* AIM OF THE TASK
Print each line exactly, from the one with "接着,社工带领同学们参观了外" to the very last line of the listing, and keep the pictures out.

* DATA EXCERPT

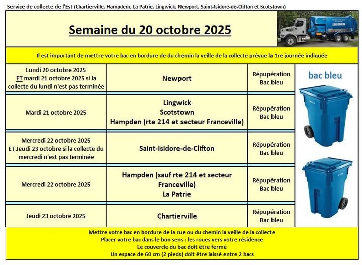 Cueillette des déchets | Bac pas vidé | Écocentre | Écocentre mobile |
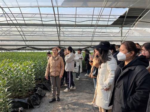 接着,社工带领同学们参观了外沙村种植基地。目前,外沙村拥有全国冬青属资源最多、江苏最大的冬青属植物生产基地,华东地区百合品种最多的百合基地,高架有机草莓园等,正致力打造江苏省栖霞现代农业产业园区。
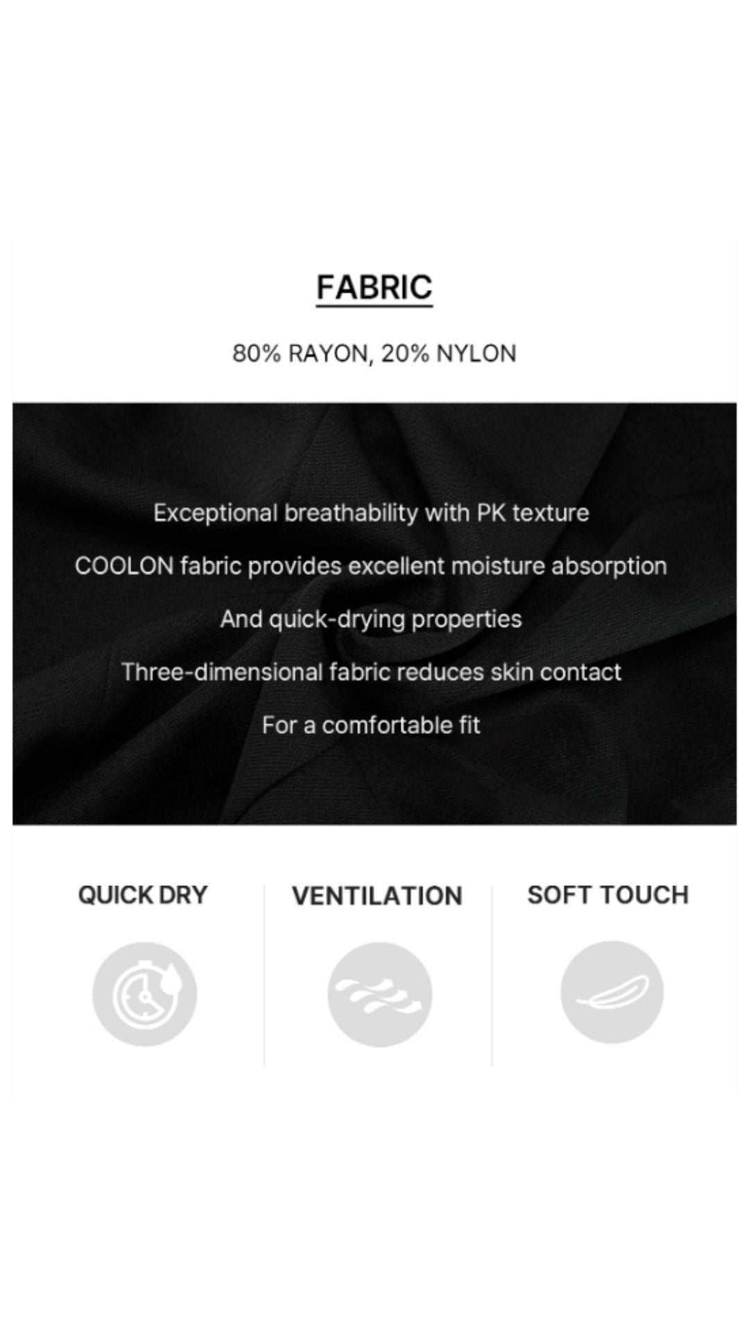 *Made from COOLON material, which offers excellent moisture-wicking and quick-drying properties, ensuring comfort even in hot weather by rapidly evaporating sweat.

* FINISHED TASK
 接着,社工带领同学们参观了外沙村种植基地。目前,外沙村拥有全国冬青属资源最多、江苏最大的冬青属植物生产基地,华东地区百合品种最多的百合基地,高架有机草莓园等,正致力打造江苏省栖霞现代农业产业园区。
 *Made from COOLON material, which offers excellent moisture-wicking and quick-drying properties, ensuring comfort even in hot weather by rapidly evaporating sweat.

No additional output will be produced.